NC Continues to Fight Opioid Epidemic

We’ve talked about the opioid epidemic beforeseveral times. And we’re here to talk about it again.


Because North Carolina has one of the worst opioid abuse problems in the country. Ninety-one Americans die every day from opioid overdoses.

That’s not okay.



So, what is opioid abuse?

Opioids are a class of drug that include illegal drugs like heroin, as well as synthetic opioids such as fentanyl, and prescription pain relievers available by a legal prescription, such as oxycodone, hydrocodone, codeine, and morphine.

Opioids aren’t inherently “bad,” but because they provide pain relief, as well as a sense of euphoria, it is tempting to misuse (or overuse) them and addiction can follow.

Wilmington, North Carolina was ranked as having the highest rates of opioid abuse in America. Over 11 percent of all Wilmington residents abuse opioids. (That means if you had 10 friends, there’s a high chance that one of them is misusing opioids. Let that sink in.)

How it costs us

Addiction is serious. It can cost people their health, personal relationships or sense of self-worth. Addiction treatment can also cost a lot of money.

A 2016 FAIR Health study found that opioid-related treatment caused a sharp rise in the cost of health insurance over the last five years. FAIR Health found that the cost of medical charges for opioid patients grew from $72 million in 2011 to $722 million in 2015. (That’s a whopping 1,000 percent increase.)

Medical services such as office visits and lab tests for patients with an opioid dependency also rose from roughly 217,000 in 2007 to about 7 million in 2014.
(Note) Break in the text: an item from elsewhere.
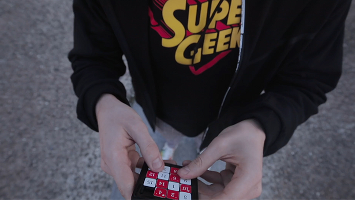 An instantly recognizable number puzzle game is handed to a spectator to mix up. The magician then "memorizes" the position of the numbers and turns the puzzle face down as he attempts to solve it without looking. Despite there being almost 20 trillion different combinations, the magician is able to solve the puzzle.

And as the basic economic law of supply and demand teaches us, the higher the demand, the costlier things become — especially things like healthcare.

What NC is doing about it

As we’ve mentioned, addiction doesn’t just affect your physical and financial health; it can affect your mental and emotional health, too. It touches not only the people who are struggling with addiction, but their friends and family, employers, healthcare professionals, and our justice system, too.

While there’s no quick-fix to an epidemic this big, there are some immediate things policymakers can do to address the crisis. The Governing Institute recently released a handbook that outlines ways legislators can tackle the opioid problem, as well as details efforts that have already been taken.

In North Carolina, House Bill 243 would limit the number of days that a doctor can give opioid pain pills. (The Strengthen Opioid Misuse Prevention Act creates exceptions for cancer and hospice patients and people with documented chronic pain.) The bill essentially says that patients can get refills after their initial prescription, but mandates that healthcare providers report opioid prescriptions they write to North Carolina’s controlled substances reporting system (CSRS) within a day of prescribing the drug. Governor Roy Cooper just signed the bill into law.

Opioid abuse can cost you both your physical and fiscal health, and that affects the quality of life for everyone in our state. Policymakers must do something to alleviate this epidemic before it does more damage – to all of us. This handbook, as well as other proactive measures, can help.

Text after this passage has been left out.